I would be discussing mysql storage engines/table types over here. MySQL supports pluggable storage engine architecture, which means that you can create your own storage engine and ask MySQL to store data for you using the sql query syntax defined in MySQL. Sounds cool right, but lets not dig that deep now. Lets first see what types of storage engines does MySQL provide and their benefits/drawbacks.

MYISAM Storage Engine

Based on the older IASM storage engine and currently the default storage engine in MySQL. So, if you create a table in MySQL and dont define a storage engine then, the table would use MYIASM as the storage engine. MySQL databases are generally directories and MYISAM tables are stored using 3 files -
.frm => the table format
.MYD => table data
.MYI => table indexes

Points to Remember:

  • The tables are machine/os independent and can be shifted by simply copying the 3 files to another installation of mysql on another machine.

  • Limit of 2^32 rows which can be increased to (2^32)^2.

  • Maximum no of indexes per table = 64, which can be increased upto 128 by recompiling.

  • Maximum no of columns per index = 16.

  • Blob and TEXT columns can be indexed.

  • Table size is almost unlimited (256TB). Though the table gives an error of "Table is full" when it reaches 4 GB. Then some parameters (MAX_ROWS & AVG_ROW_LENGTH) in the table definition needs to be changed to make the table expandable.

  • Transactions are not supported

  • Fulltext indexing and searching is supported though it is very slow.

  • Granuality of locking is TABLE. So if an insert and select happens one after another, the insert will lock the complete table and the select will have to wait till the lock is removed.

  • The tables do get corrupted sometimes and to recover it, you would need to run the "REPAIR TABLE" command.

  • Does not provide "Foreign key" usage.

InnoDB Storage Engine

InnoDB provides transactions and relational database support in MySQL - supports foreign keys and commit, rollback and crash recovery capabilities.
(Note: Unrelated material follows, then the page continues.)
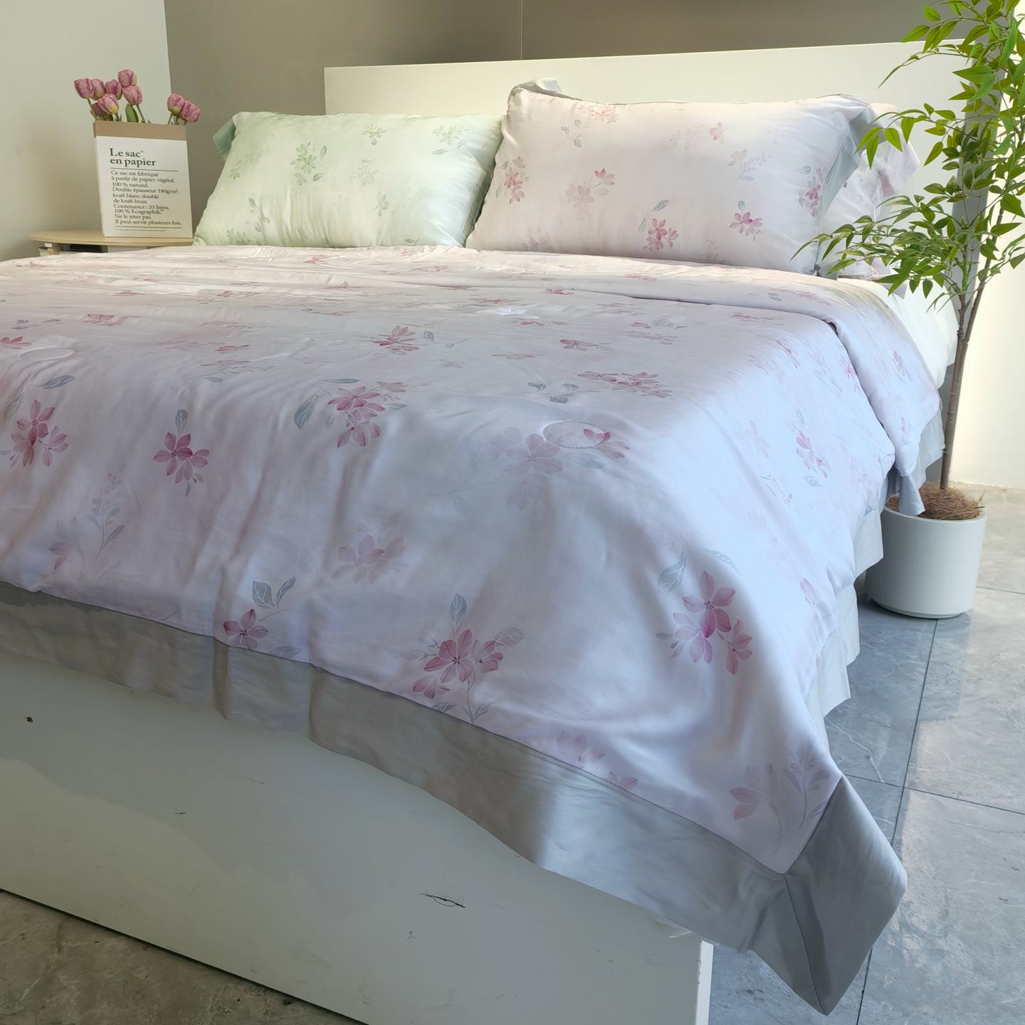 (总)ROZ home 蕊姿家居 2026春夏新款60s天丝棉数码印花四件套,风铃草 香槟,浮香 粉,浮香 绿,葡萄 绿,秋海棠 粉,秋海棠 山岚

InnoDB creates two log files namely "ib_logfile0" and "ib_logfile1" and a data file "ibdata1" in the MySQL data directory where it stores its tables. You can specify the path for creation of data file and the initial/max size of the file and also the no of data files to create. Placing different data files on different disks would of course lead to increased efficiency.

The table definitions are stored in database directory with a .frm extension whereas the data is stored in the "ibdata1" - tablespace. InnoDB has something known as "clustered index" where the data for the rows is stored. Accessing a row through the clustered index is fast because the row data is on the same page where the index search leads. If a table is large, the clustered index architecture often saves a disk I/O.

innodb_data_home_dir = /ibdata

Points to remember:

  • Moving databases/tables is not easy. You need to take a dump and import it in the other installation of mysql

  • Table cannot contain more than 1000 columns

  • Although InnoDB supports row sizes larger than 65535 internally, you cannot define a row containing VARCHAR columns with a combined size larger than 65535.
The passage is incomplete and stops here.